━━ INPUT DATA

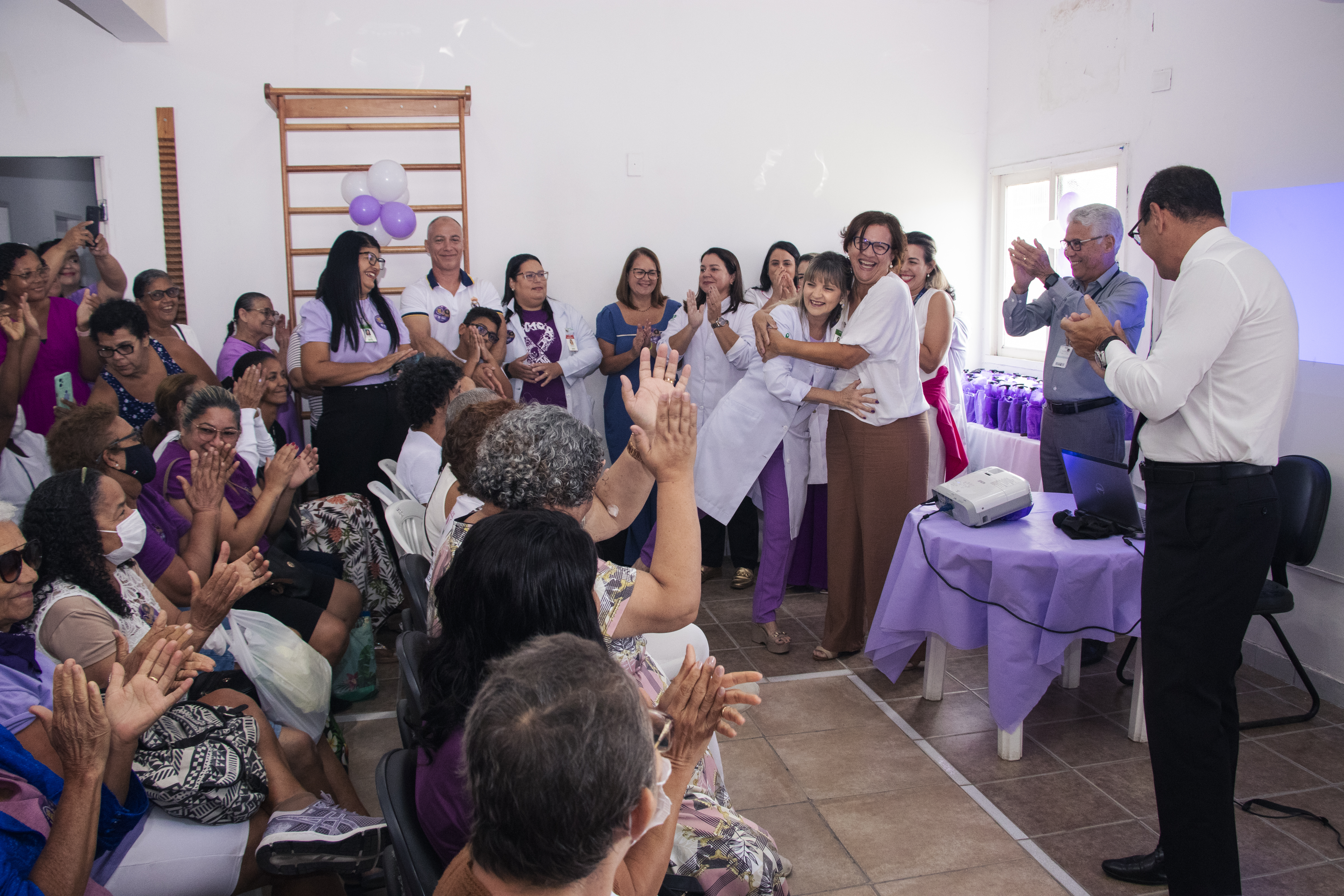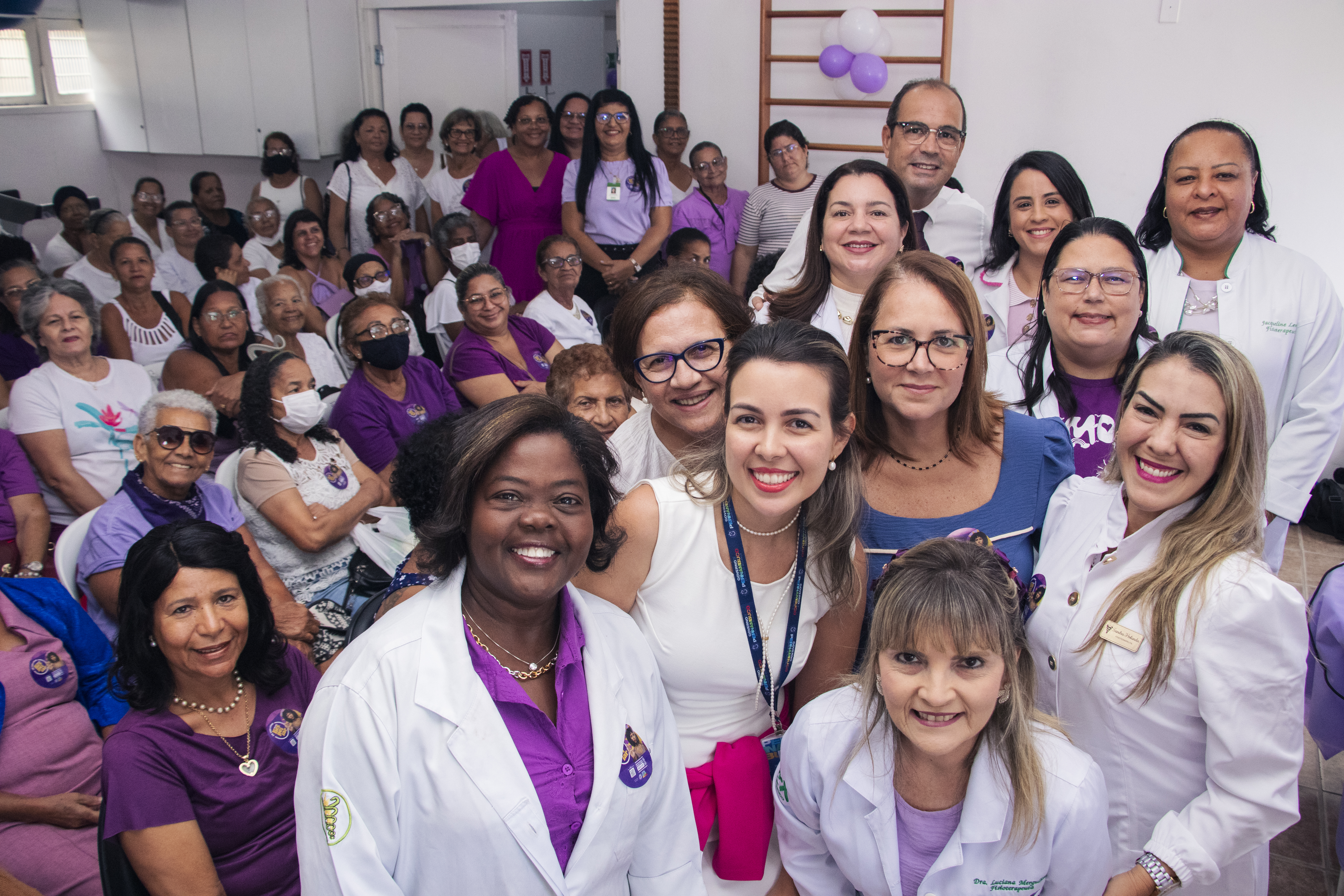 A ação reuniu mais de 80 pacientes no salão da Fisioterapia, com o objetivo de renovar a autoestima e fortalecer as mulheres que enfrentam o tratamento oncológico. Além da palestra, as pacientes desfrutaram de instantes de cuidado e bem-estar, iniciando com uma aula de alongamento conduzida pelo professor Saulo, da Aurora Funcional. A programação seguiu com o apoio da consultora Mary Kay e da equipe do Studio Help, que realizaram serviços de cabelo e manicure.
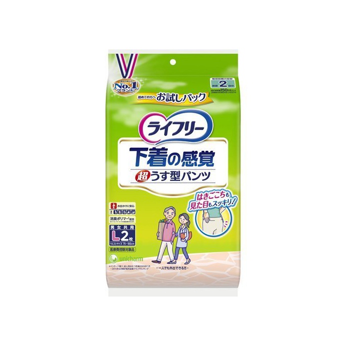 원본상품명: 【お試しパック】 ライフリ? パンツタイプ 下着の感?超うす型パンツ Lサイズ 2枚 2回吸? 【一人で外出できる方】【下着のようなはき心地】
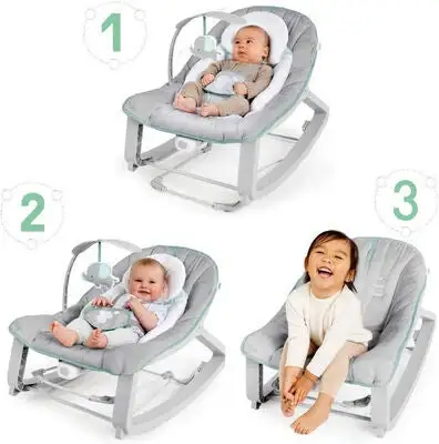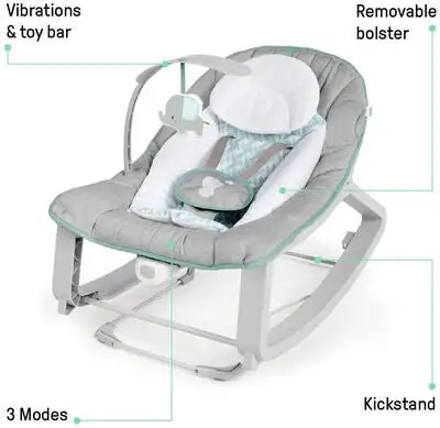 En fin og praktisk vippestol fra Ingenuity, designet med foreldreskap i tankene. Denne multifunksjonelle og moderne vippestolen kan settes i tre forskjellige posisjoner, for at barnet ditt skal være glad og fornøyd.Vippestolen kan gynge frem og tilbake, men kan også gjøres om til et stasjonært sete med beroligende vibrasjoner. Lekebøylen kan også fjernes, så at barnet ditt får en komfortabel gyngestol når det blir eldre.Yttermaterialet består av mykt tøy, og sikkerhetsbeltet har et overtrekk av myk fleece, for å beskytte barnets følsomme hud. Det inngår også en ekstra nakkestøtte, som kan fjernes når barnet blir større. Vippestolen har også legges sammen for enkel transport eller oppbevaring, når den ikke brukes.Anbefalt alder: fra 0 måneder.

━━━━

The whole listing above, line by line, needs to be copied exactly, except for any images.

 A ação reuniu mais de 80 pacientes no salão da Fisioterapia, com o objetivo de renovar a autoestima e fortalecer as mulheres que enfrentam o tratamento oncológico. Além da palestra, as pacientes desfrutaram de instantes de cuidado e bem-estar, iniciando com uma aula de alongamento conduzida pelo professor Saulo, da Aurora Funcional. A programação seguiu com o apoio da consultora Mary Kay e da equipe do Studio Help, que realizaram serviços de cabelo e manicure.
 원본상품명: 【お試しパック】 ライフリ? パンツタイプ 下着の感?超うす型パンツ Lサイズ 2枚 2回吸? 【一人で外出できる方】【下着のようなはき心地】
 En fin og praktisk vippestol fra Ingenuity, designet med foreldreskap i tankene. Denne multifunksjonelle og moderne vippestolen kan settes i tre forskjellige posisjoner, for at barnet ditt skal være glad og fornøyd.Vippestolen kan gynge frem og tilbake, men kan også gjøres om til et stasjonært sete med beroligende vibrasjoner. Lekebøylen kan også fjernes, så at barnet ditt får en komfortabel gyngestol når det blir eldre.Yttermaterialet består av mykt tøy, og sikkerhetsbeltet har et overtrekk av myk fleece, for å beskytte barnets følsomme hud. Det inngår også en ekstra nakkestøtte, som kan fjernes når barnet blir større. Vippestolen har også legges sammen for enkel transport eller oppbevaring, når den ikke brukes.Anbefalt alder: fra 0 måneder.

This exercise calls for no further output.